ESPE Abstracts (2015) 84 P-3-819

Early Endocrine Complications in Survivors of Childhood Malignant Tumours

Cristina Sánchez-González, Mónica Andrades-Toledo, Álvaro Cárdeno-Morales, Alicia Torralbo-Carmona & Emilio García-García

Virgen del Rocío Hospital, Seville, Spain

Background: The progress made in the treatment of childhood cancer has resulted in better long-term survival rates. Therefore sequelae of treatment have become more important.

Objective and hypotheses: To investigate the prevalence of early endocrine disorders in survivors of a childhood tumour within the 1st years after diagnosis.

Method: We performed a retrospective medical record review of survivors followed at the endocrine clinic of a tertiary paediatric centre.
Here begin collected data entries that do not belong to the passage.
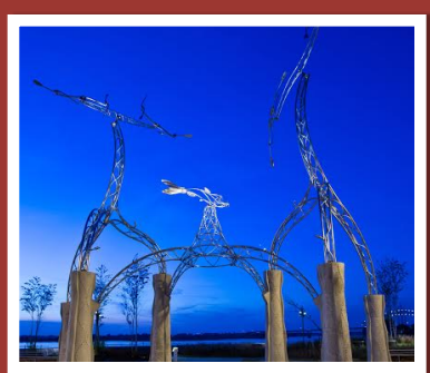
"MEANDER" PUBLIC COMMISSION IN MEMPHIS, TN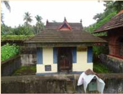
Shrine of Perattur Bhagavathy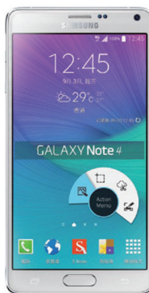
Samsung GALAXY Note4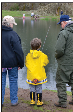
Family Fishing Day INSIDE — A3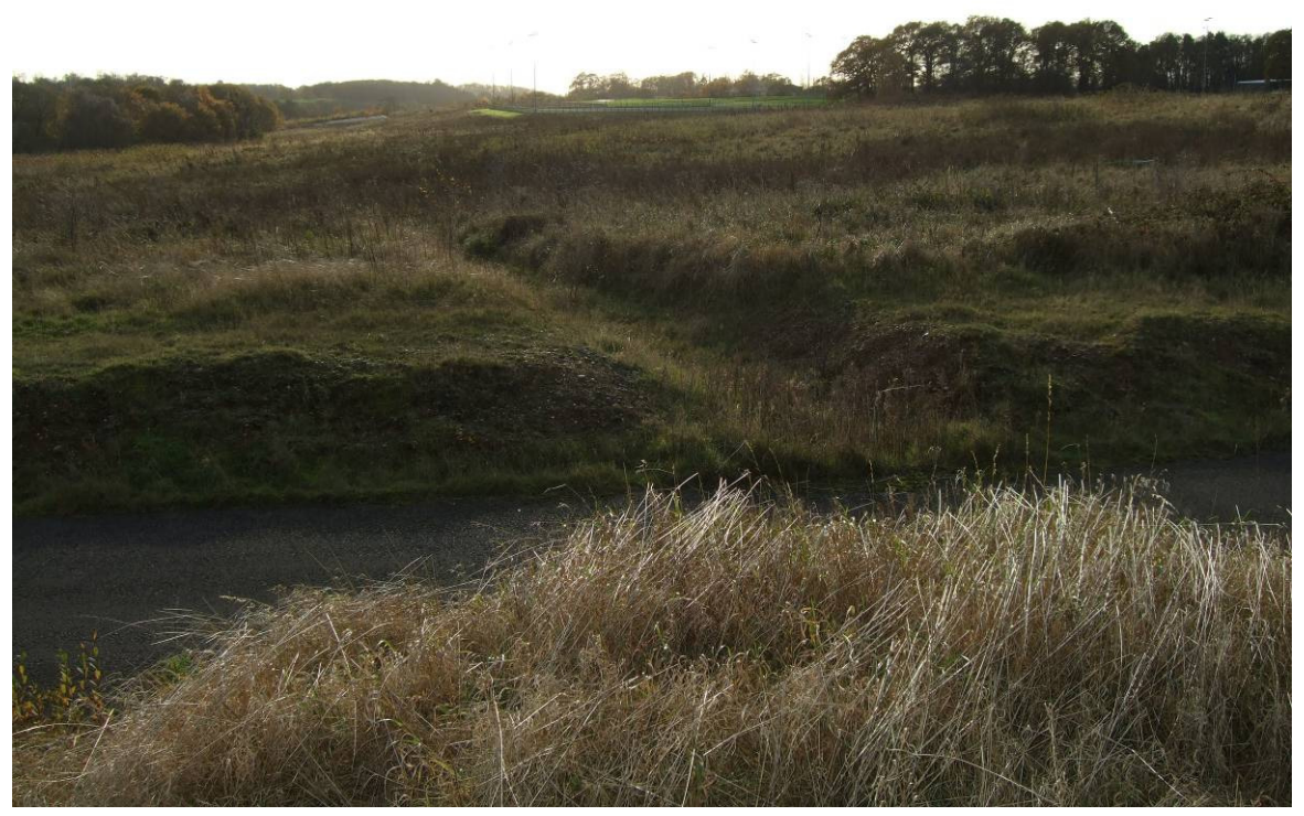
Photograph 11 Panorama looking south across central area of the site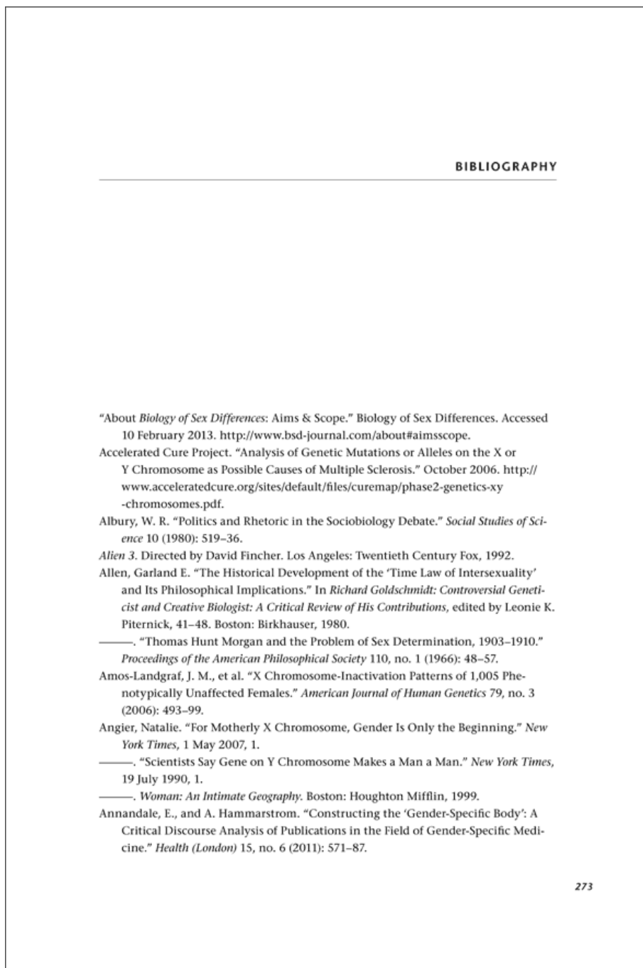
Figure 14.8: The first page of a bibliography for a book. See 14.62.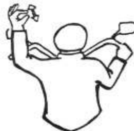
Turn off your turn signals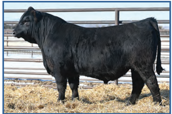
Wulfs Digits 2092M • Sells as Lot 125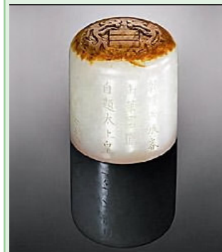
White jade Imperial seal, 1796

about the astonishing scope of the First Emperor's legacy. She also discussed the wide-reaching education programmes accompanying the exhibition and the hope that Eurocentric people, as a result of The First Emperor exhibition, would see Qin Shihuangdi as a man of astonishing vision and in the company of other luminaries such as Alexander the Great.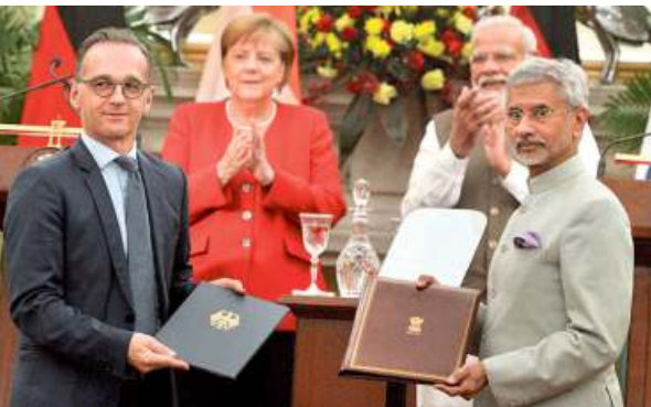
Sealing a deal: Foreign Minister S. Jaishankar with his German counterpart, Heiko Maas, in New Delhi on Friday.

He said that given the strong commercial ties with Germany, India considers its support important in mobilising efforts within the European Union for early resumption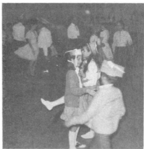
Some of the group graduating from the class.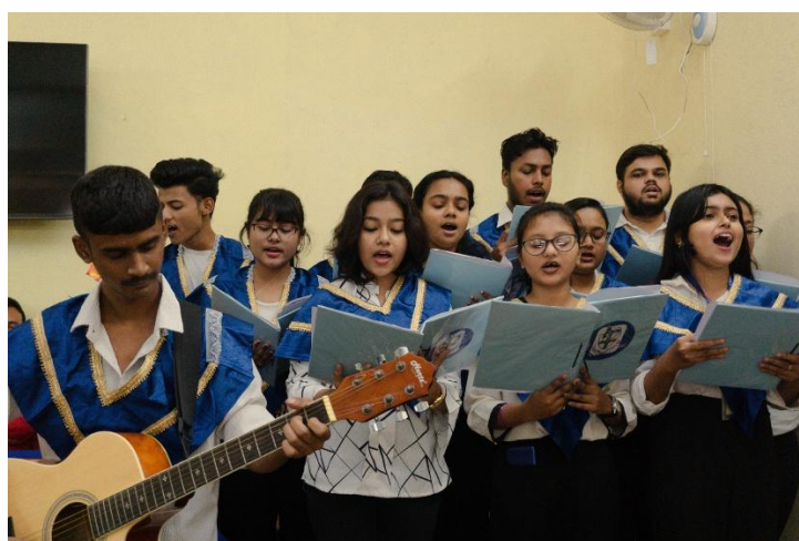
The College Choir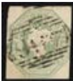
OFFER #17395 GB #5, USED OUR PRICE $295-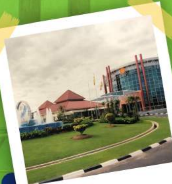
OGDC back in 2002

OGDC is a family-oriented centre where visitors can expand and explore more than 100 interactive exhibits which covers the learning of science, engineering and technology education in the development of the oil and gas industry. Range of activities for different age groups including technology workshops, science camps, science show competitions, school visit, outreach activities and much more science-related activities were made available for our visitors.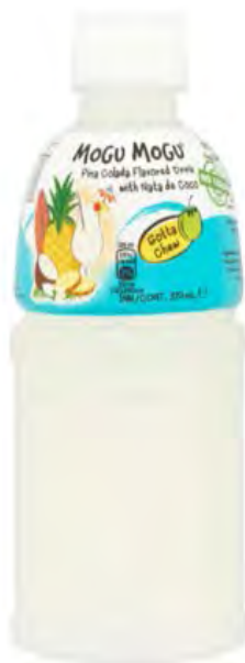
21159 MOGU PINA COLADA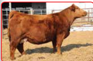
HILB/MBCC Princess Merinda, Dam

RED HEIFERS ARE HOTTT in the showing! We purchased this girl as a pair from Hilbrands last spring with the intentions of turning the cow into a donor cow. If she produces a calf like this every year, let's just say you'll be glad you have a daughter out of her! Scarlet is a such a sweetheart and has the potential to be a top-notch show heifer. She is broke to tie, no fault to her, I just ran out of time to get her broke to lead. Consigned by Nemitz Cattle Co.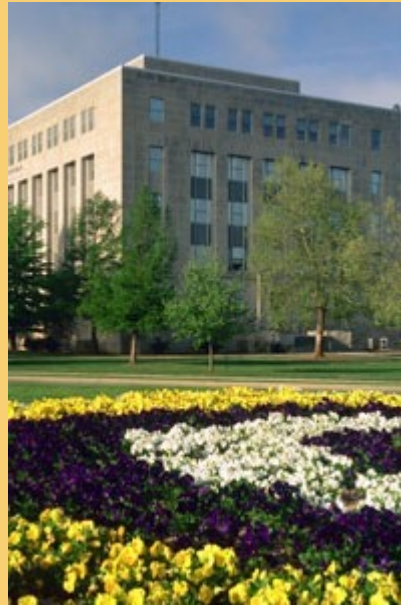
Oklahoma Corporation Commission Public Utility Division Tel: 405-521-4114

For assistance, contact us at (405) 521-4114 or email us at OUSF@occ.ok.gov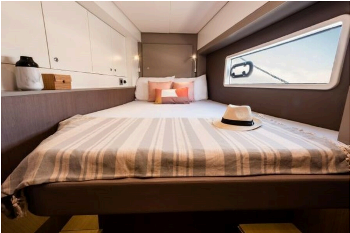
New Sail Catamaran for sale 2024 BALI CATAMARANS Bali 4.2 - BIMINI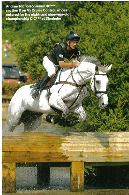
Andrew Nicholson wins CIC*** section D on Mr Cruise Control, who is entered for the eight- and nine-year-old championship CIC*** at Blenheim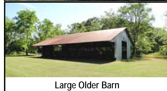
Large Older Barn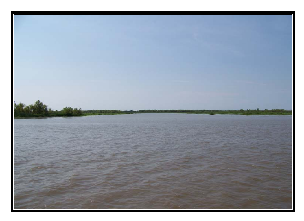
Photo\ No.7-(AT-03)-view\ of\ Channel\ "E"\ near\ the\ intersection\ of\ Channel\ "A"\ looking\ southeast.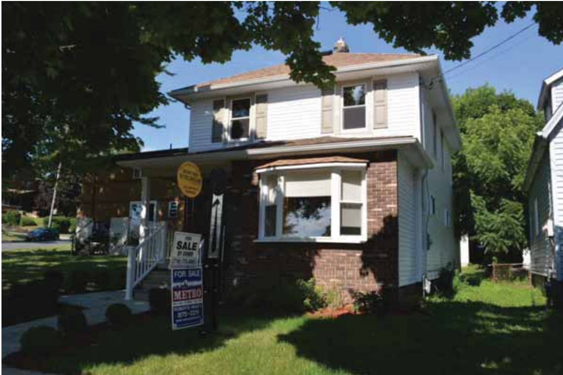
Photograph 4.174. 2685 Whirlpool Street, facing east (Panamerican 2014).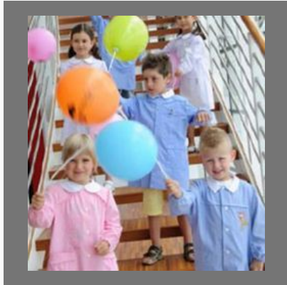
Kids School Dress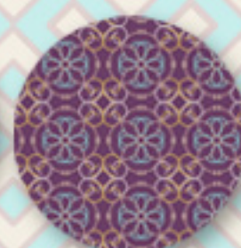
BA-309 Mosaic Purple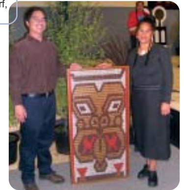
Local group Te Rauhina reformed early this year after disbanding in 1996, won a number of awards and finished third overall.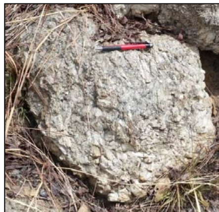
"Crowded" spodumene rock at Goulamina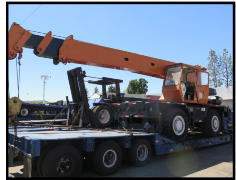
3-Axel Hydraulic Detachable Trailer w/ Front Ramps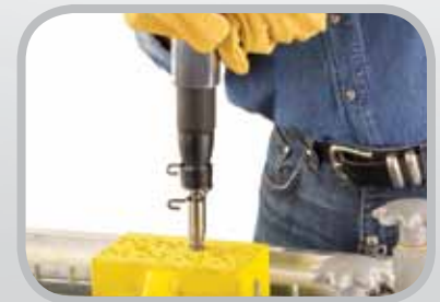
Air Powered Rivet Driver Installation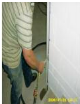
Door frame filling

Please pay always attention to the technical advises of material suppliers. Depending on material the maximum possible grain size could diversify. Please ask for our test reports.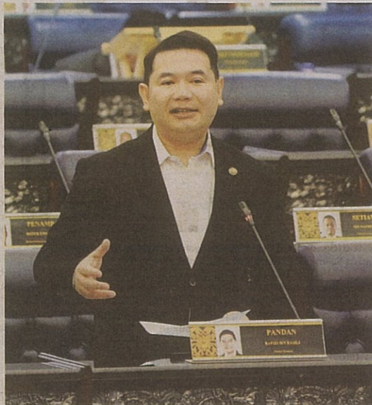
RAFIZI ketika menjawab pertanyaan di Dewan Rakyat, Kuala Lumpur semalam.

"Saya tidak pernah maklum mengenai perkara ini kerana ingin melindungi keselamatan sistem. Bagaimanapun, sekiranya ditanya sama ada data sudah encrypted atau tidak, itu sudah kita lakukan," katanya pada sesi Waktu Pertanyaan-Pertanyaan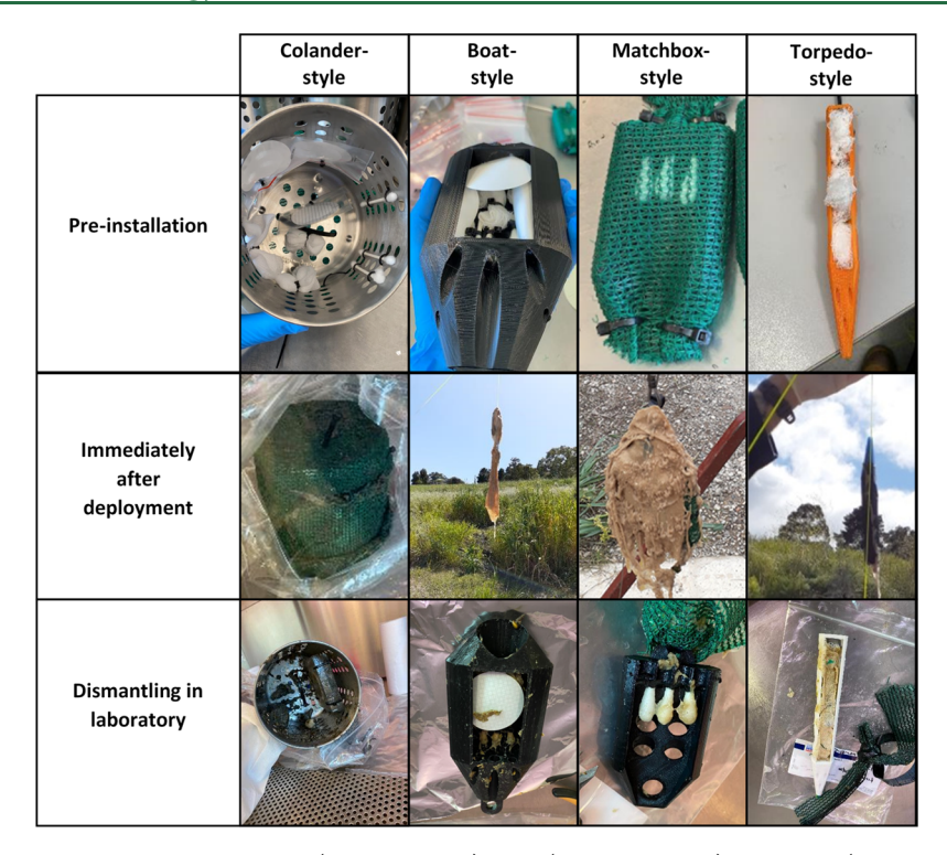
Figure 1. Four designs of passive sampler units: colander (far left column), boat (mid left column), matchbox (mid right column), and torpedo (far right column), before deployment (top row), directly after deployment (middle row), and during processing in the laboratory (bottom row).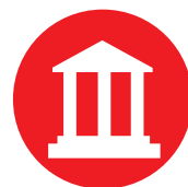
Government Policy Creators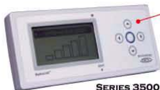
SERIES 3500 HYDROLINK™ REMOTE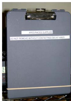
Clipboard / storage container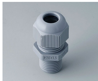
C2316618 Cable gland M16x1.5 PA silver grey RAL 7001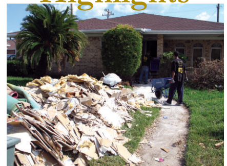
▲ Ike Brother's Keeper efforts Brothers of Texas Council of Alpha Chapters help brothers in local area.

Outcome measures were frequency and types of endocrine dysfunction.

Results: 57 patients (27 women) were included. The age at tumour diagnosis was 6.0±4.3 years and follow-up time was 7.6±3.5 years. Primary treatment for the neoplasm was chemotherapy in 55 cases and radiotherapy in 40. The proportion of patients with any endocrine disorder increased to 17/57 (29.8%) at the end of the follow-up period. The most common reported endocrine disorders were primary gonadal dysfunction (n=10), primary hypothyroidism (n=4), and pituitary dysfunction (n=4).

Conclusion: Endocrine disorders are frequently seen within the 1st years after diagnosis of a childhood cancer. Inconsistent endocrine follow up leads to unnecessary delay in diagnosis and treatment.